Collection ID Source Purpose
system:philosophy Curated platform markdown (internal sources) Semantic search over bundled reference text (legacy collection id)
system:mcp_tools All @mcp_tool descriptions Semantic tool discovery

Known Limitations

  1. Cold start re-embedding — when vector_compressed is missing from a stored chunk (legacy data), _lazy_load_collection re-embeds the text. This costs API calls proportional to the number of affected chunks.

  2. _get_tier integration stub — when shared.subscription is not importable the engine defaults to "starter" limits. Production deployments should ensure shared.subscription.get_project_tier is wired to the real subscription table.

  3. Semantic eviction not activeVectorCacheEntry has the design for semantic L2 eviction (remove entries most similar to each other), but the NeuralCacheEngine.memory_pool still uses plain LRU eviction. This is a future enhancement.
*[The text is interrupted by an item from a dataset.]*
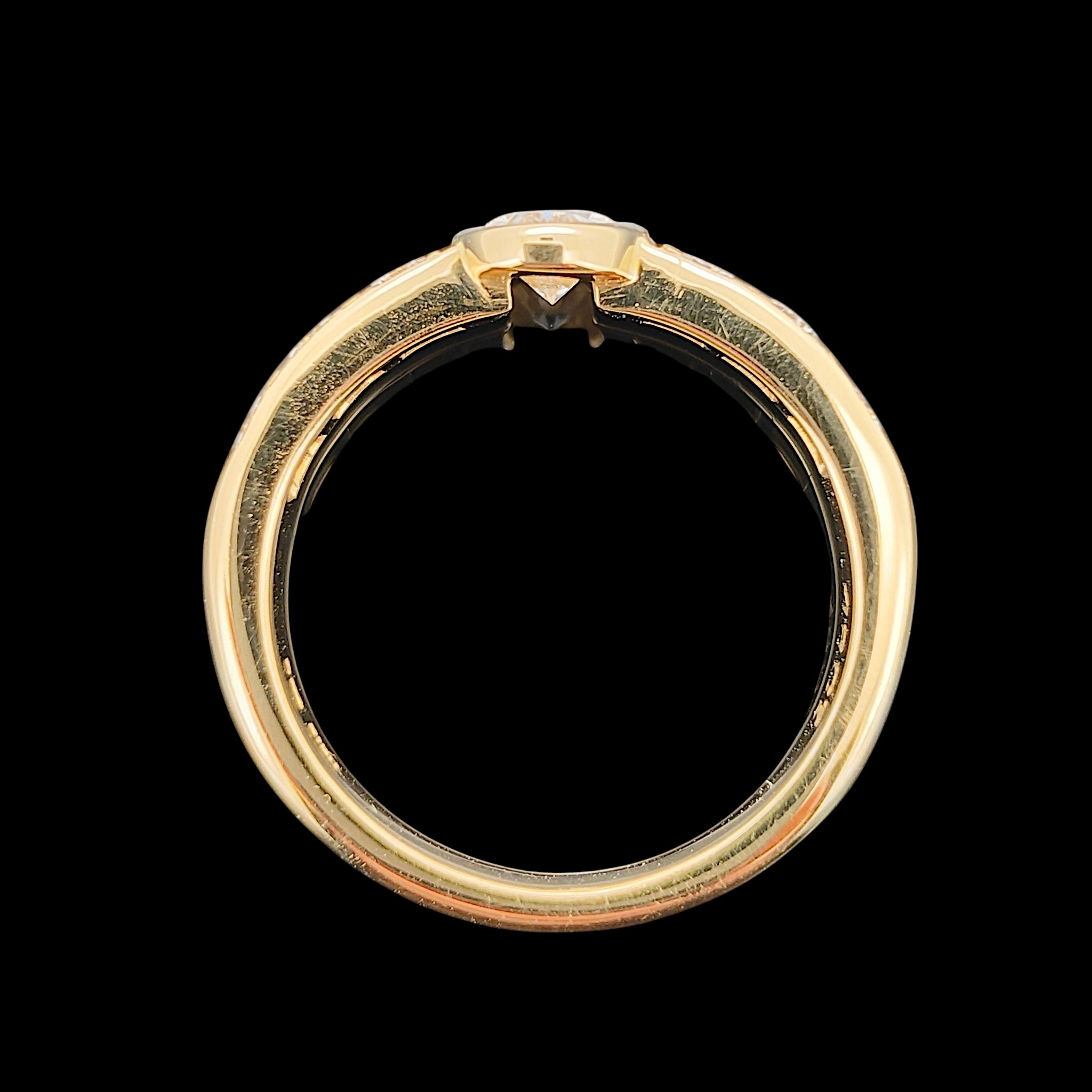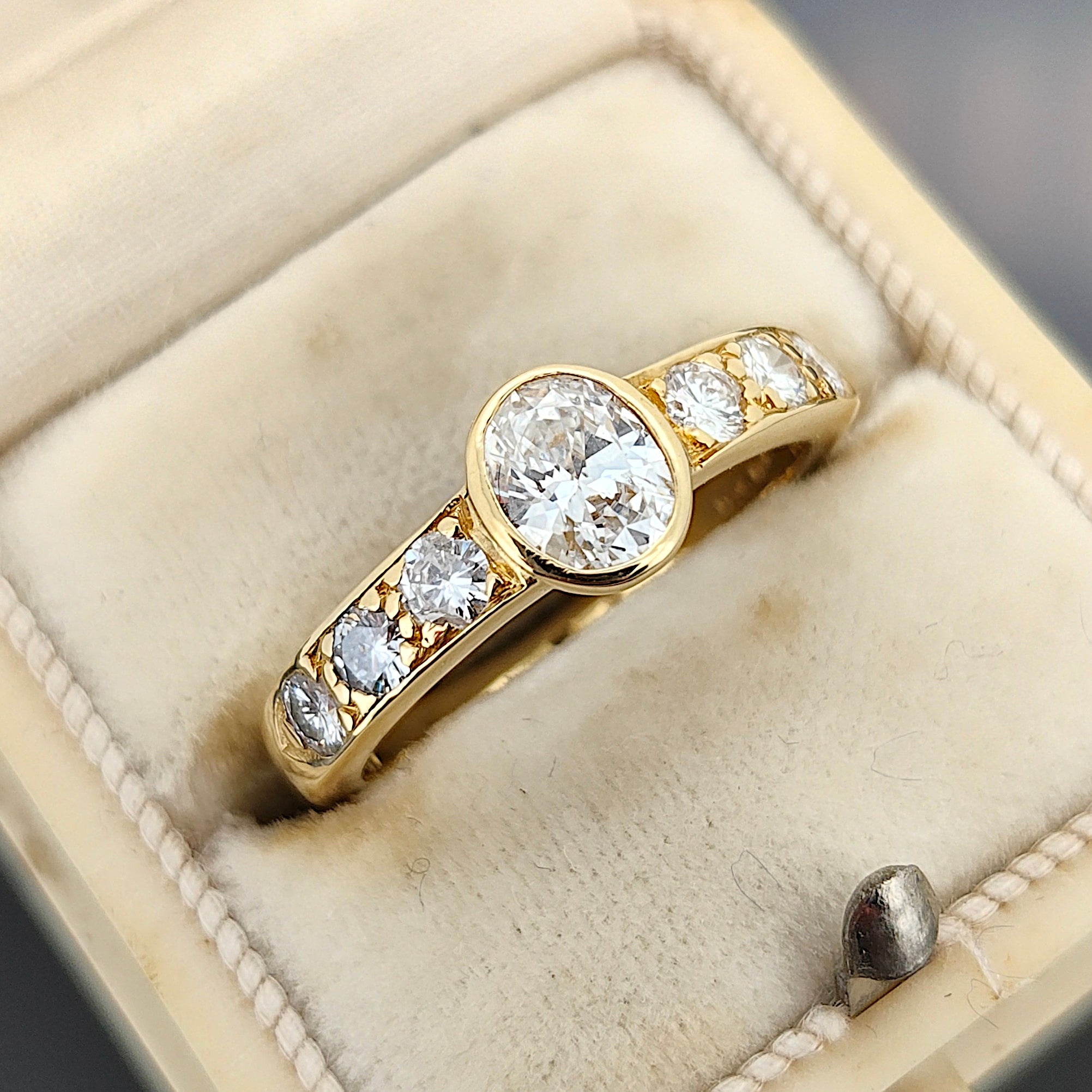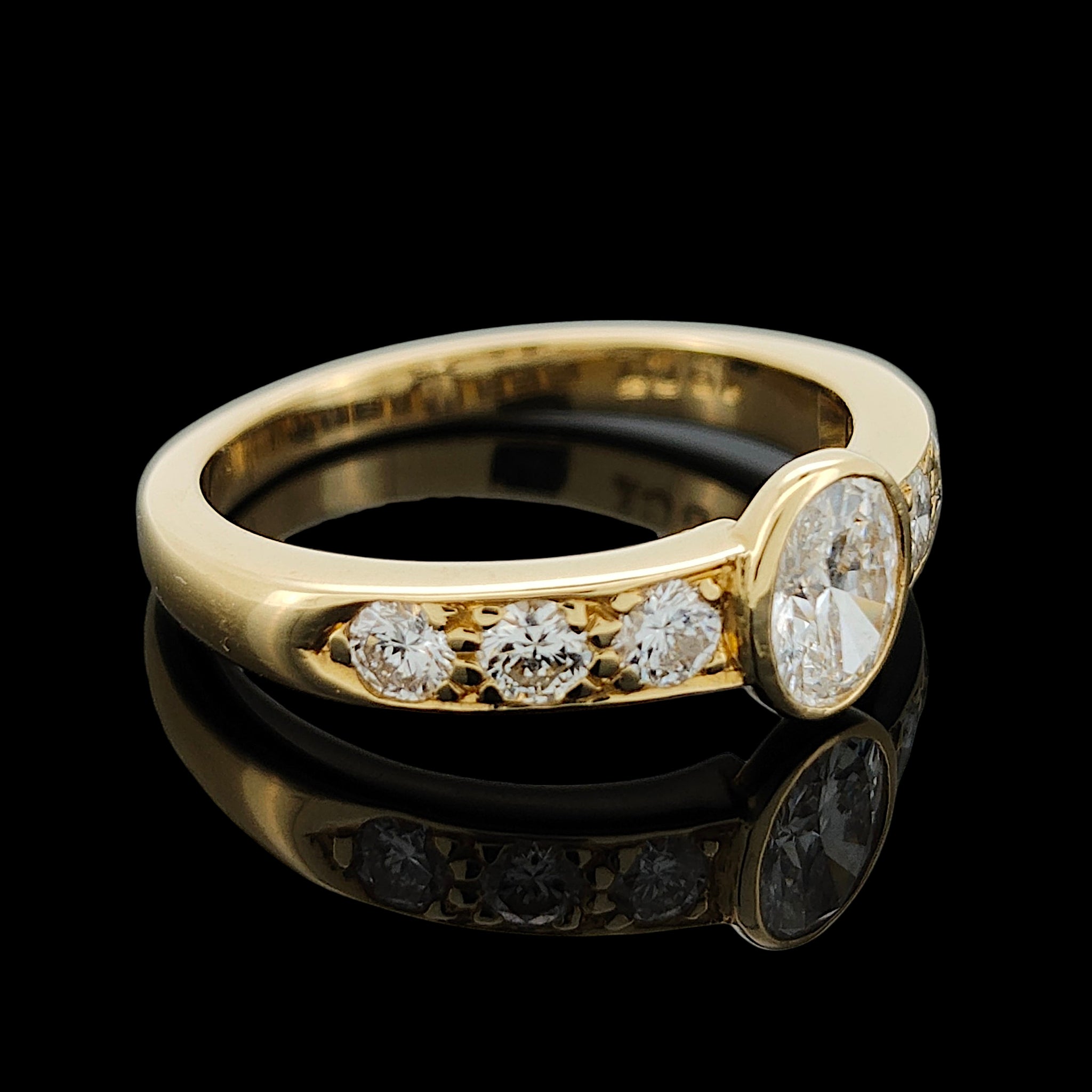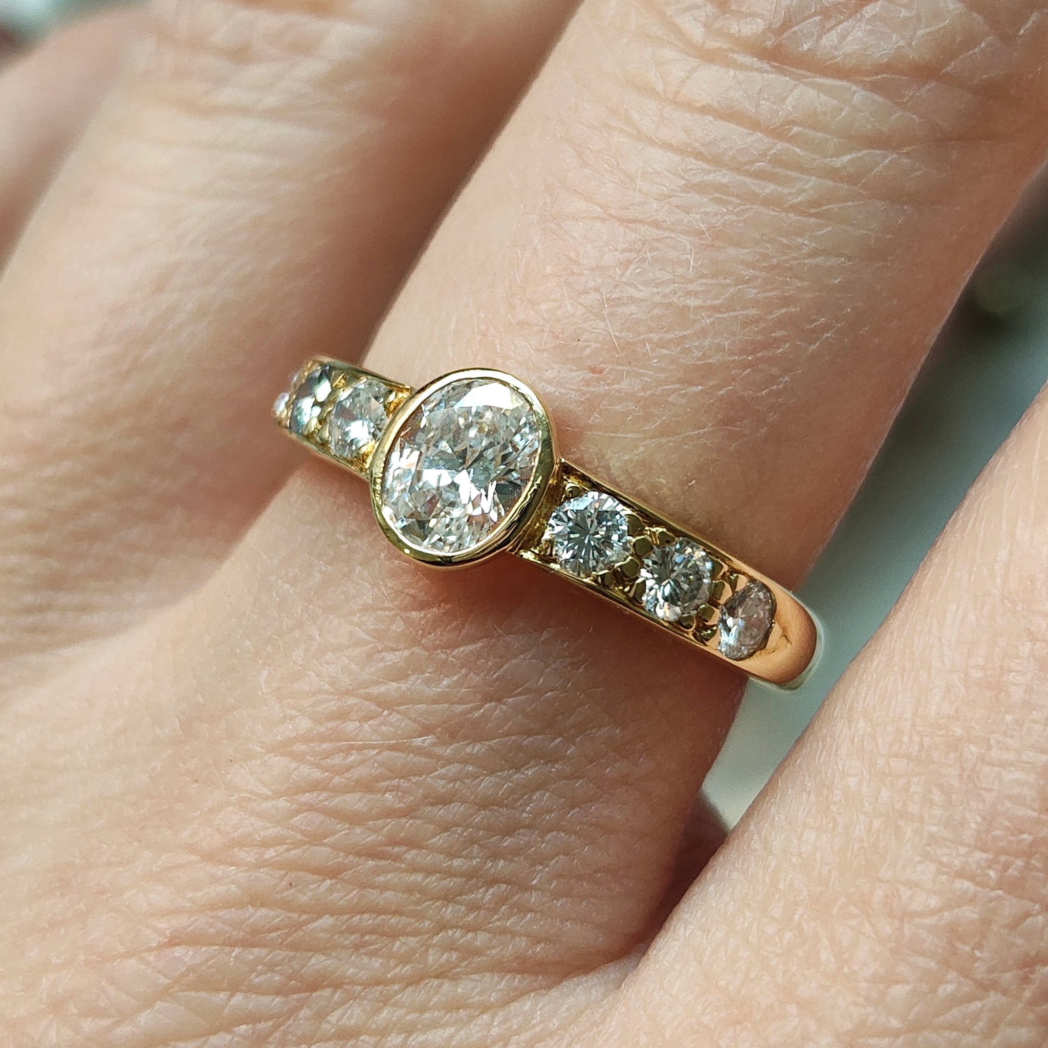 An impressive and beautiful solitaire diamond ring with diamond shoulders, the central oval cut diamond rubover set and weighing an estimated 0.45 carats, with three brilliant cut diamonds set to each shoulder, weighing an estimated total of 0.36 carats, mounted in 18ct yellow gold.

  4. GET /mcp/discovery double registrationroutes.py defines two GET /discovery handlers on the same router. The first registered wins in Starlette; the thin mcp_discovery() handler may take precedence over the full discovery() that fires background RAG indexing. Verify in production and consolidate if needed.

  5. In-memory vector store is not distributedTQVectorStore is per-process in-memory. In a multi-worker deployment (e.g. gunicorn -w 4), each worker has its own store. Searches work correctly (lazy load from 8DNA on each worker), but memory usage is multiplied by the worker count.

  6. Max MCP result payload — MCP tools return full chunk texts. For large documents with many chunks, rag.document_list may return a payload exceeding MCP tool output limits. Use limit parameter to paginate.


Generated 2026-03-27 — see CHANGELOG.md v0.4.3 for the full change list.